BOMM Biofilm Inhibitor Synthesis
The procedures for the synthesis of the potential biofilm inhibitors are documented here. The procedures are broken down according to the chemistry being carried out.
Synthetic Overview
The synthesis of the potential biofilm inhibitors used in the BOMM laboratory centers around an amide bond formation between a carboxylic acid and an amino acid. An example compound is shown in Figure 1 below.
Two separate pieces are combined in an amide coupling reaction: a carboxylic acid and an amine (see Scheme 1).
Amide Couping for Biofilm Inhibitors
In our case, the amine will be an amino acid, which also carries its own carboxylic acid. This will cause issues during the coupling, as there would be two carboxylic acids that could react. In order to avoid this, we will use amino acids that have the carboxylic acid functional group protected (or hidden) as a tert-butyl ester (see Figure 2).
Thus, an example coupling between 3,5-dibromo-4-methoxycinnamic acid (acid 69) and the protected amino acid phenylalanine (H-Phe-OtBu) is shown in Scheme 2. The coupling reagent is indicated above the reaction arrow and the solvent of the reaction is below the reaction arrow.
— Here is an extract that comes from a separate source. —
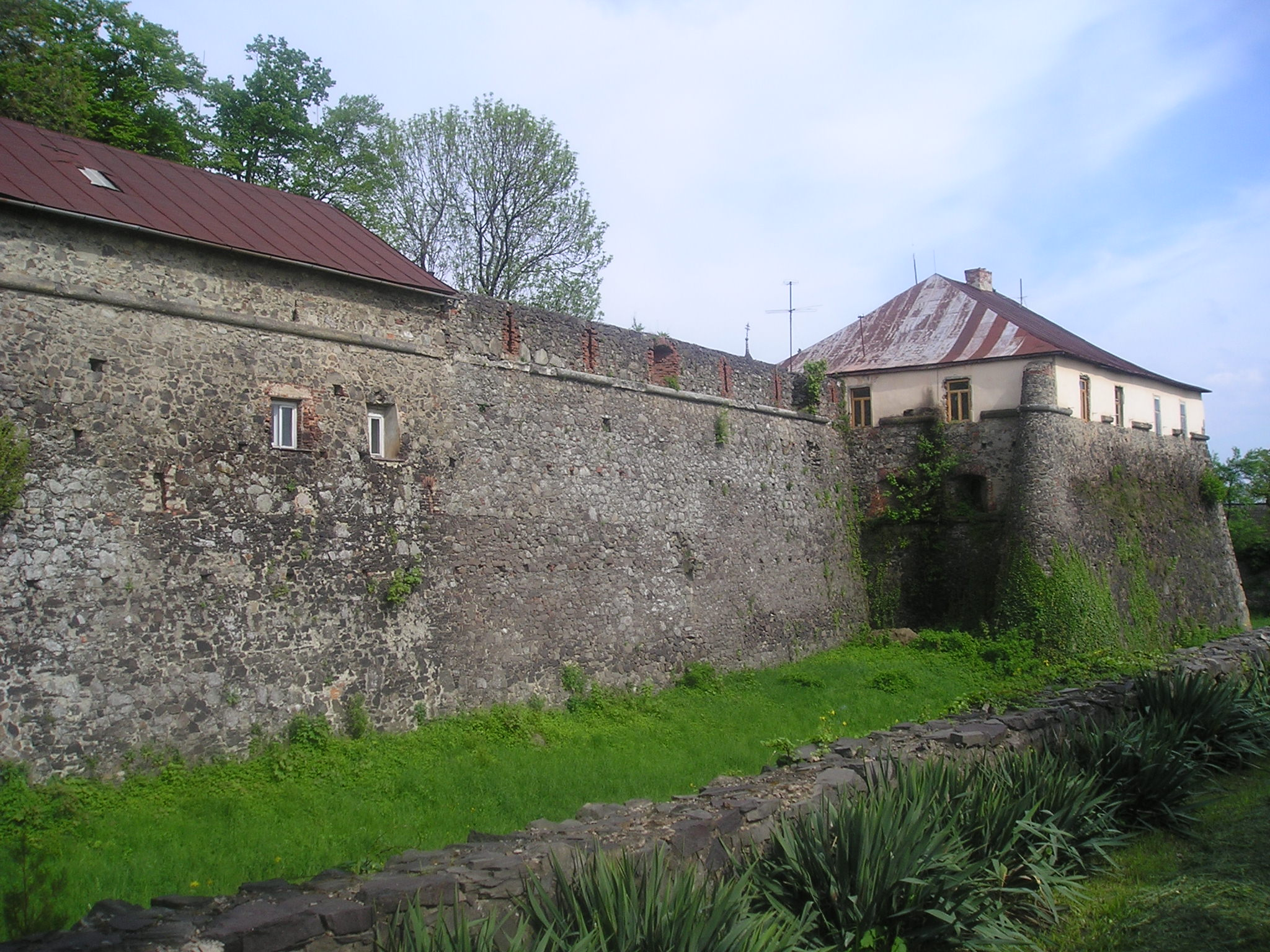 Ukraine. Uzhhorod Castle.

In our case, N-(3-dimethylaminopropyl)-N’-ethylcarbodiimide (EDCI) will be the coupling reagent and methylene chloride (CH2Cl2) will be the solvent.
After the reaction is complete, the side products of the reaction are removed by washing separately with an acidic aqueous solution and a basic aqueous solution. After evaporation of the organic solvent, the solid protected biofilm inhibitor will remain in the flask.
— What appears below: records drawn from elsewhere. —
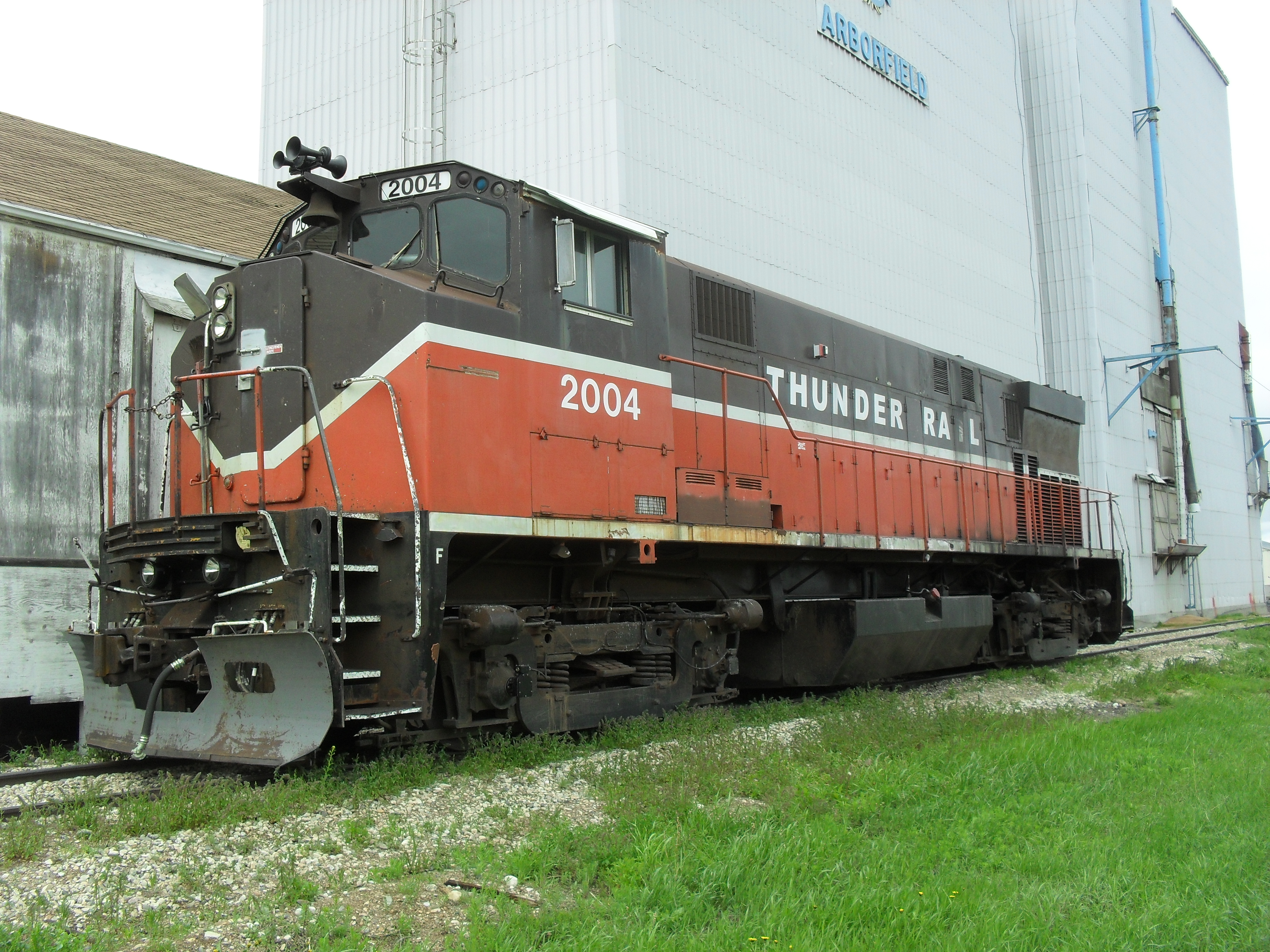 M-420 of Thunder Rail. Community of Arborfield at the Thunder Rail HQ.
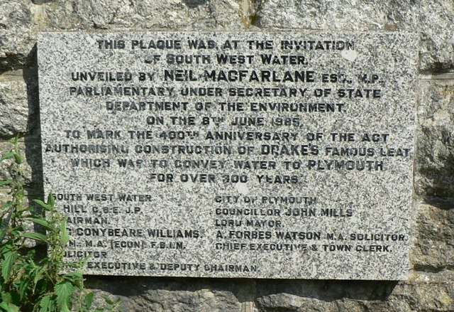 Plaque commemorating Drake's Leat, Burrator Dam. This plaque is on the wall by the side of the road approaching the dam from the south. When Sir Francis Drake was Mayor of Plymouth, he proposed a leat to supply water from Dartmoor to Plymouth, and the required Act of Parliament was passed in 1585. The plaque celebrates the 400th anniversary of the Act. See also 238491
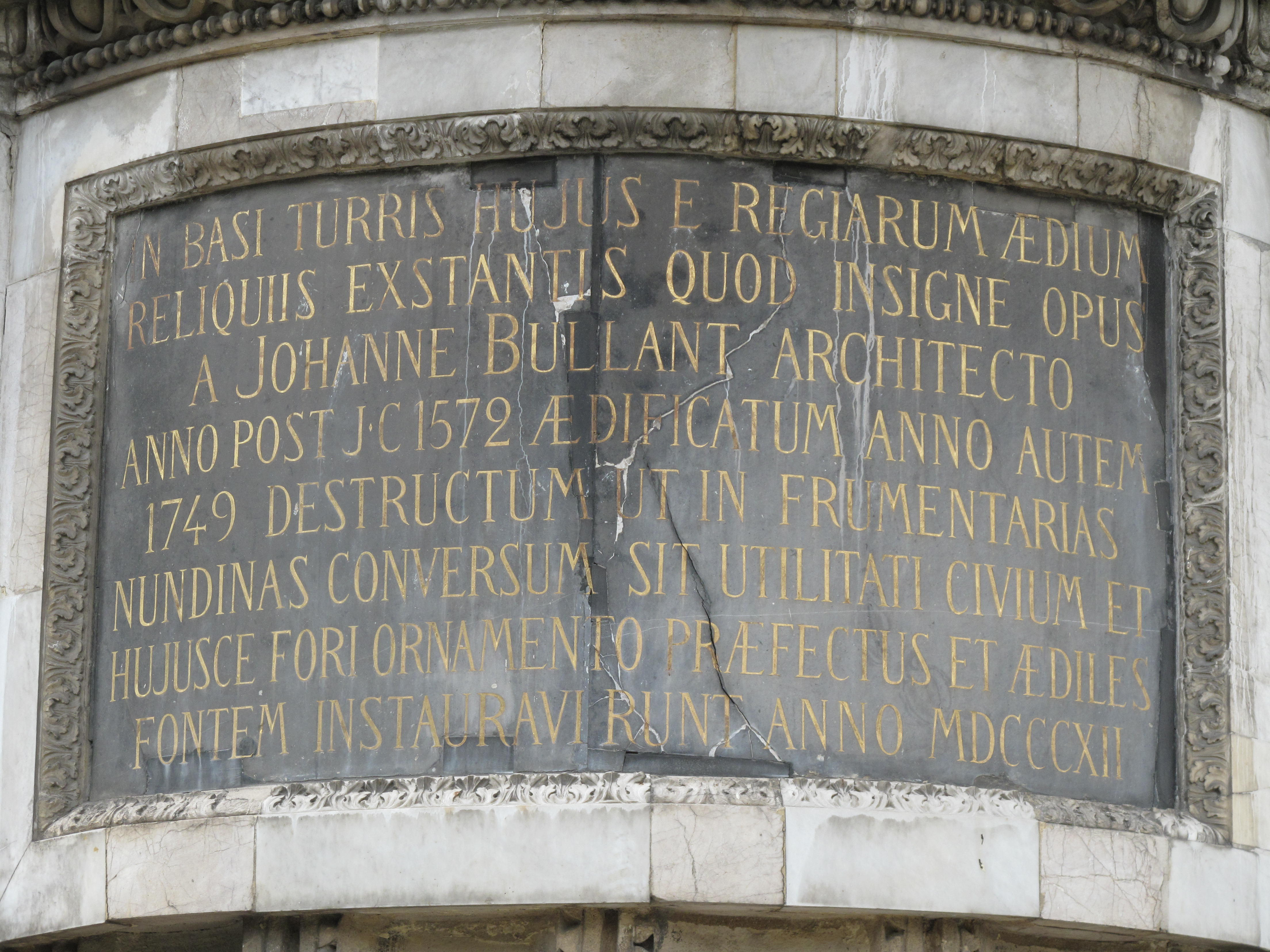 Plaque at the base of the Medicis column, Paris 1st arrond.

Removal of the tert-butyl Protecting Group
To complete the synthesis, the carboxylic acid functional group will be deprotected. The tert-butyl ester can be easily cleaved in the mildly acidic but highly polar solvent 2,2,2-trifluoroethanol (HOCH2CF3, TFE). Scheme 3 illustrates the reaction. Typically, stirring in this solvent at room temperature for roughly 48 hours is sufficient to completely deprotect the ester. This process can also be accelerated with the addition of heat to reduce reaction times.
A final extraction of the product into basic aqueous solution followed by reacidification and extraction into fresh organic solvent ensures the purity of the final biofilm inhibitor product.